世相

住民税の都市伝説はなぜ生まれるのか

どうも\(´A`)/
ちょいと税金の話でも・・

××市は税金が高いっていう話。よく聞きませんか?
大半が住民税のことを言っているのだと思います。
特に毎年6月あたりによく聞かれます。住民税は前年の所得に対して課税され、6月から翌年の5月までの間に払うものです。つまり6月から新しい金額に切り替わるからです。

・世田谷区は高い
・いやいや川崎市だって
・横浜は日本一高い!
・××町は税金が高いから役場が立派だ

はたまた、、

・府中は東京競馬場があるので安い
・大企業の本社や原発のある町は安い

本当に様々な声が聞こえてきます。

しかし、こういうお話をする人たちの特徴として挙げられるのは、「高い!」と不満を感じているのにも関わらず、自分で調べないことだったりするんですよね・・⊂(´A`)⊃

となりの自治体は?計算式は?
どういうわけか興味を持っていないんですよね。全くもって不思議な現象だなあと思っております。。
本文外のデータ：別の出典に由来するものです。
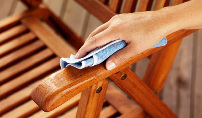 Дерево один из самых популярных материалов для садовой мебели, но также и один из самых уязвимых. Чтобы защитить деревянные предметы нужно начать с тщательной чистки мебели. Используя мягкую губку и мыльный раствор, чтобы удалить пыль и грязь, после этого ополоснуть водой и дать мебели высохнуть.
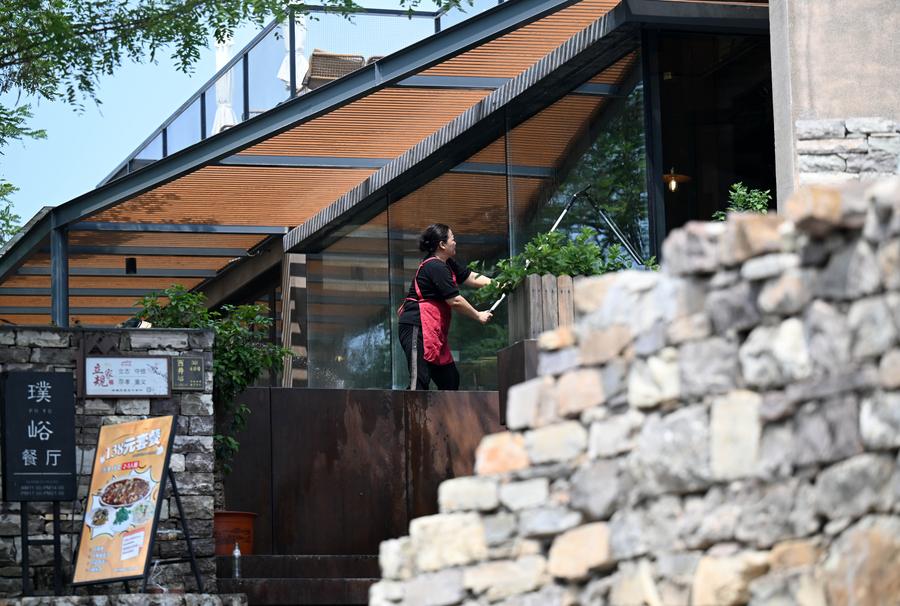 A staff member cleans the glass at a homestay in Xijingyu Village of Jizhou District, north China's Tianjin, July 6, 2024. (Xinhua/Zhao Zishuo)
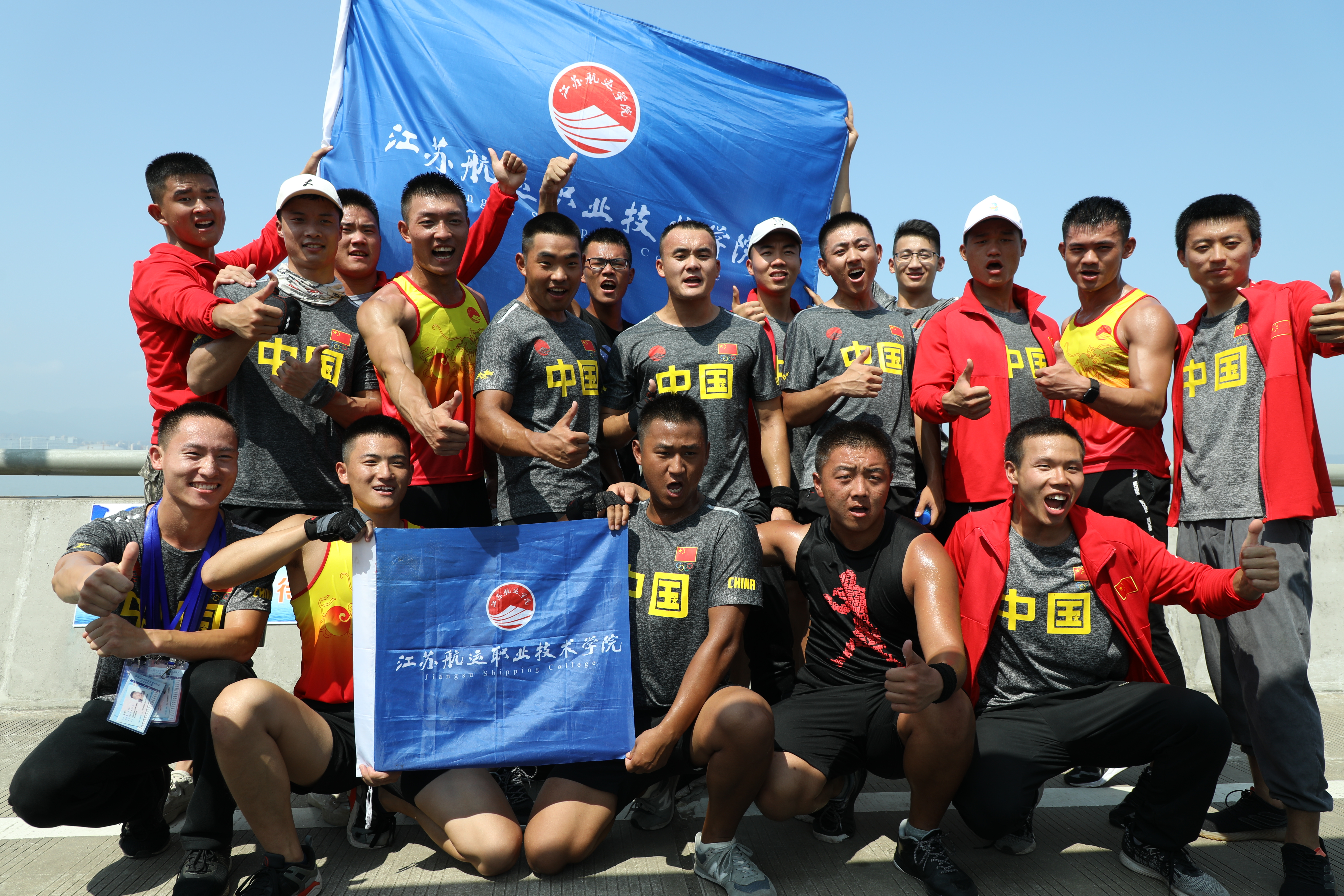 2019年6月28日,浙江舟山,闫超动(后排左五)和同学们代表江苏航运职业技术学院在第五届中国海员技能大比武上获得团体一等奖,这是该校参赛队员合影。受访者闫超动供图

実は住民税の税率は全国一律10%です。⊂(^-^)b

どこに住もうが変わりません。

厳密に言えばわずかに違う場合もあります。

所得に対して一律10%課税されるとともに、均等割という定額の税金が課せられるのですが、この金額がわずかに違う自治体があります。
ほとんどの自治体が4000円(市区町村3000円+都道府県1000円)なのですが、例えば横浜市は4400円+1800円の計6200円です。(つまり神奈川県の自治体は全て最低800円は高いということですね。)
念のためですが、年間の金額の話です。そもそも住民税は年間の金額が決定されて、そのうえで月割で給与天引き、もしくは自分で最大4回に分けて支払いというスタイルです。

また税率についても、若干高い自治体が存在します。横浜市では10.025%となっています。
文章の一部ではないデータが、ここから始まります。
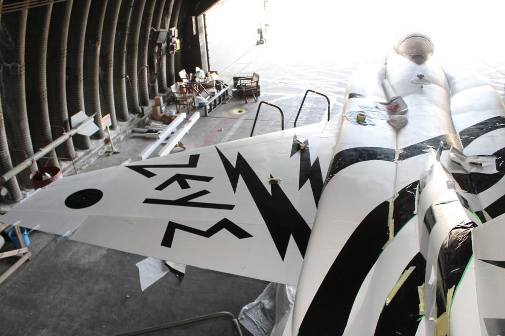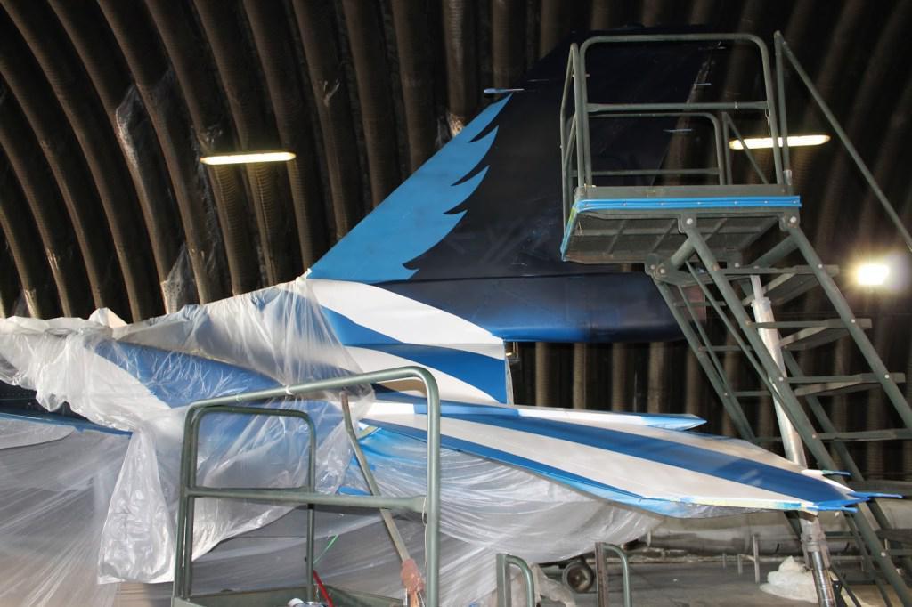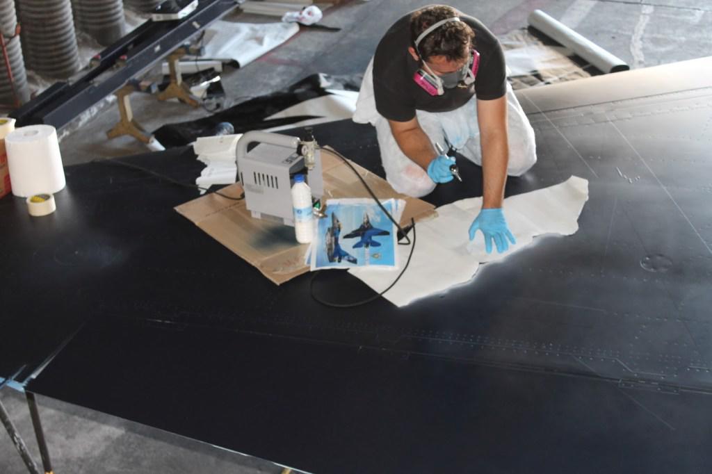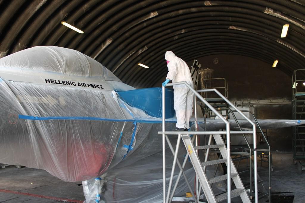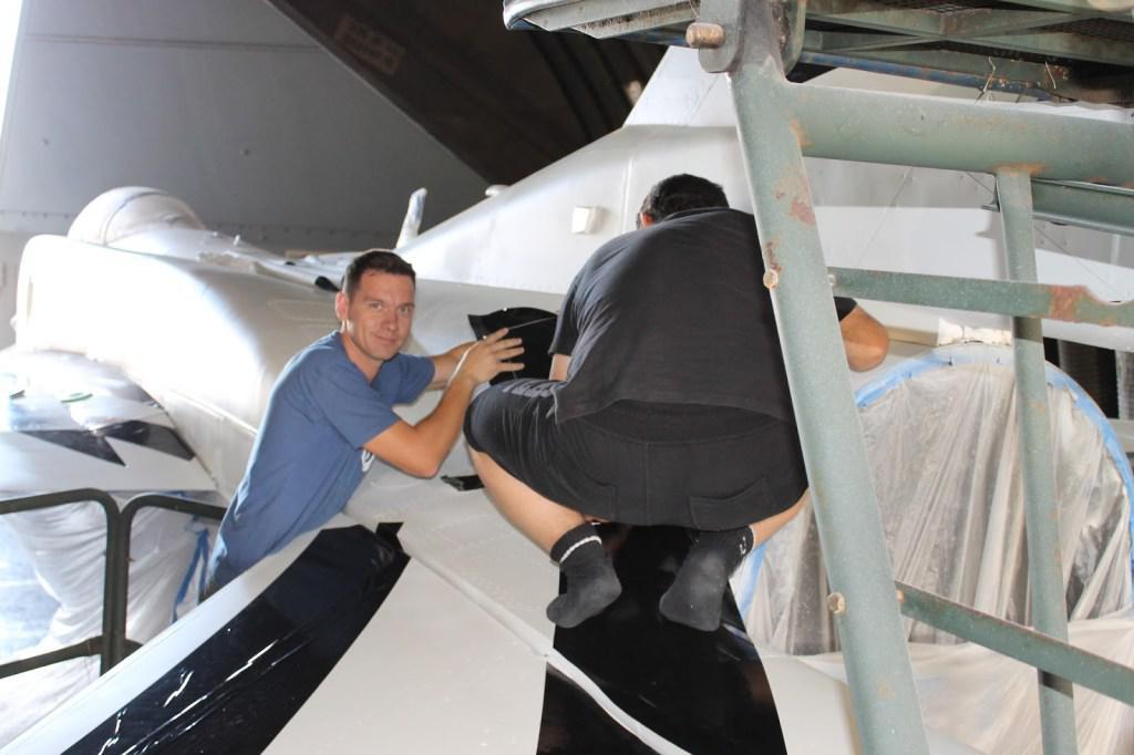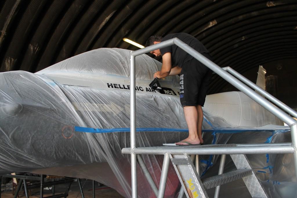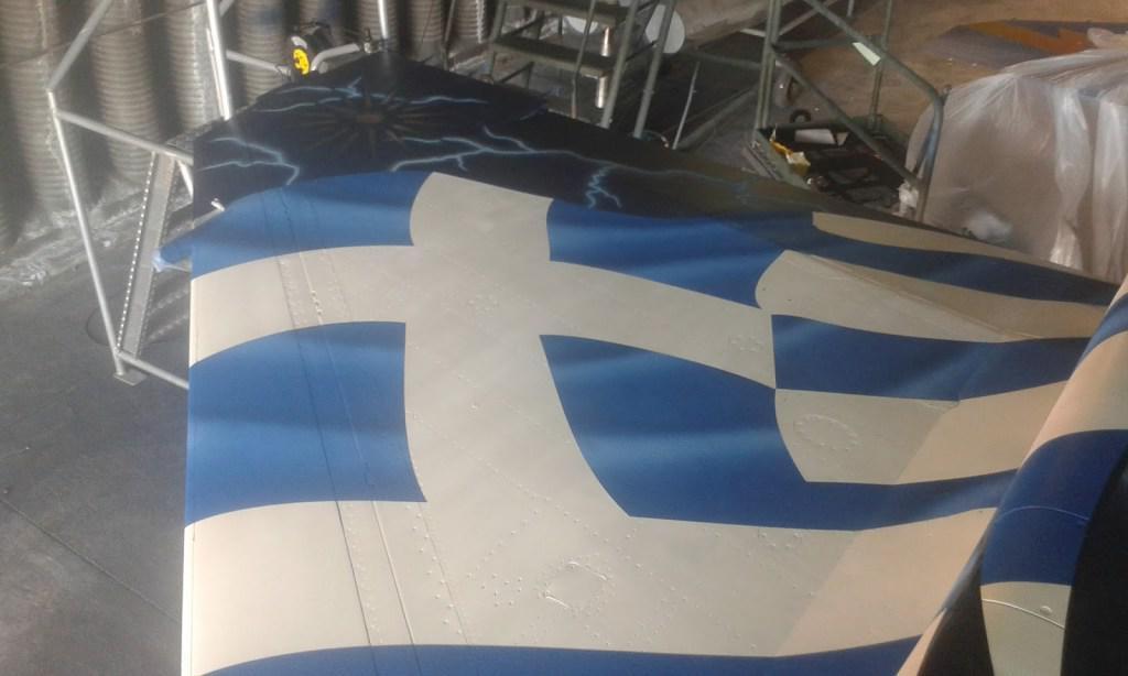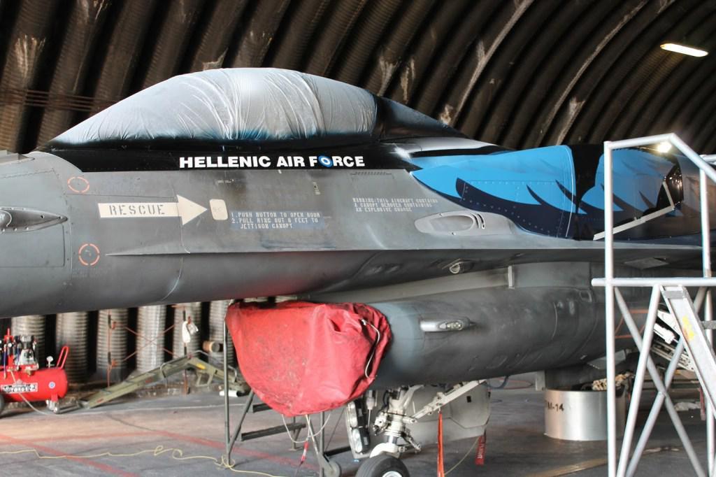 Η ομάδα «Ζευς» για πρώτη φορά δίνει στη δημοσιότητα εικόνες από το παρασκήνιο του πώς βάφτηκε στα ελληνικά χρώματα το F-16 της, με ένα σχέδιο το οποίο βραβεύτηκε τον περασμένο Ιούλιο στο Royal International Air Tattoo.

これは、地方税法の規定で、必要がある場合には上乗せできるとなっているからです。

なるほど確かに住民税が高い自治体というのは存在します。とはいえ年間数百円から多くて数千円程度の差です。ほとんど、どこに住んでも変わらないといっていいでしょう。
冒頭に羅列した住民税にまつわる井戸端会議、都市伝説などでは、万単位で違う!!との声がほとんど。そもそも数百円の違いなら大声で不満を言いません。
「○○市は税金が高いので、隣の△△町に引越ししたんですよ」などと得意げに言ってしまう人も存在しないはずです。
したり顔で、府中市や原発のある自治体の話をする人も出てこないであろうと思われます。
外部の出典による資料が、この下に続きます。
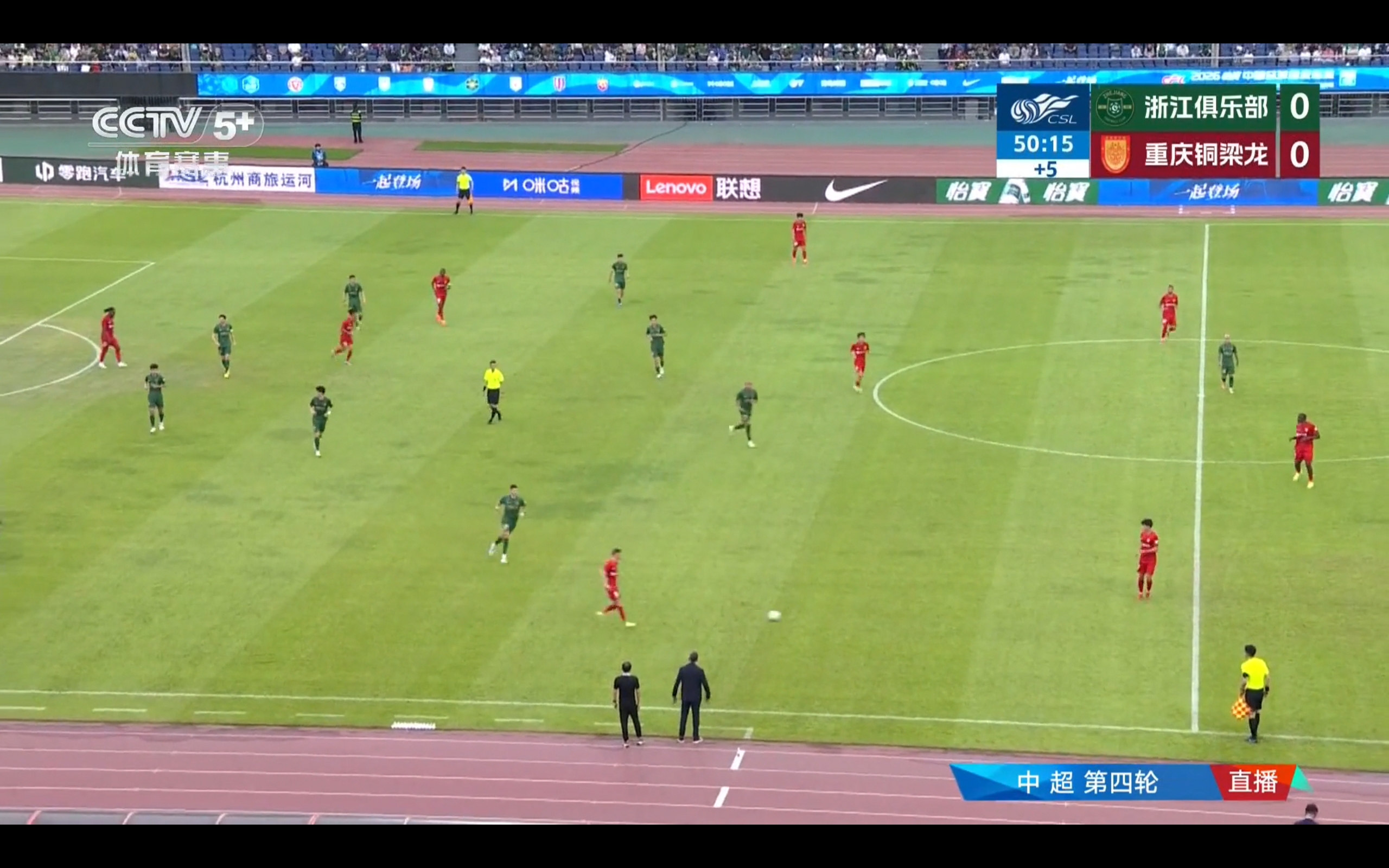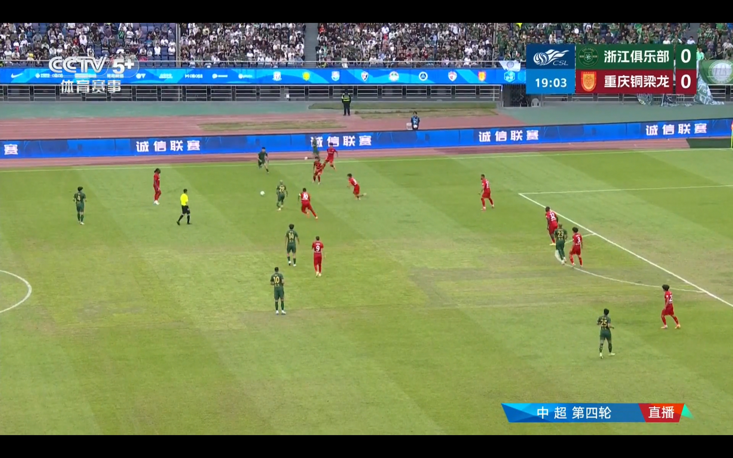CCTV-5+ is currently broadcasting the Chinese Super League match between Zhejiang Greentown and Chongqing Tongliang Long.
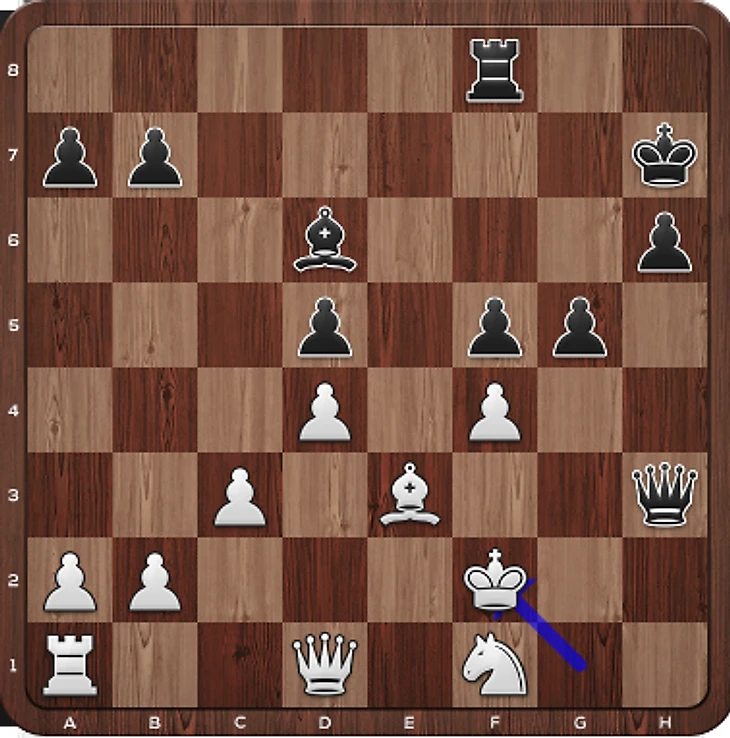 28.Qxf5+ Rg6 29.Ke1 h5 30.Kd1 Kh6 31.Nc2 h4 32.Ne1 h3

多くの人が「住民税は各自治体で万単位で違う」との共通認識をもっているからこそ、このような与太話が生まれてしまうのでしょう。

これらは各自治体のホームページで確認できます。

一昔前ならともかく、今はネットで簡単に調べられますから。
グーグル先生に打ち込めばいいじゃないですか。「府中 住民税」とかね。

で、早速打ち込んでみました。

府中市のホームページのFAQには、
「府中市は個人の住民税が安いのですか」→「いいえ。(中略)地方税法の規定によって定めていますので、府中市の個人の市民税が安いということはありません」
と、都市伝説というかデマによって問い合わせが多いことを匂わせる文面が出てきますw

参考:府中市HP

まあ実際に問い合わせる人は、考える頭のある人だと思うんですけど、デマを信じ込む人、多すぎやしませんかね・・・。

で、こっからが本題です\(´A`)/

このように色々説明しても「いや、そうはいっても確かに各自治体ごとに税金が違ってるんだよクソが!」
と納得しない人が多いです・・
正しいことを言っているのに、逆にこちらが間違っているかのように言われてしまうのは、なんとももどかしいものです。
思想的なこととか、絶対に正しいというものが存在しないものならいいですよ。
しかし、税金なんてものは確固とした国の制度です。正しいかどうかはすぐに判断できるものなのです。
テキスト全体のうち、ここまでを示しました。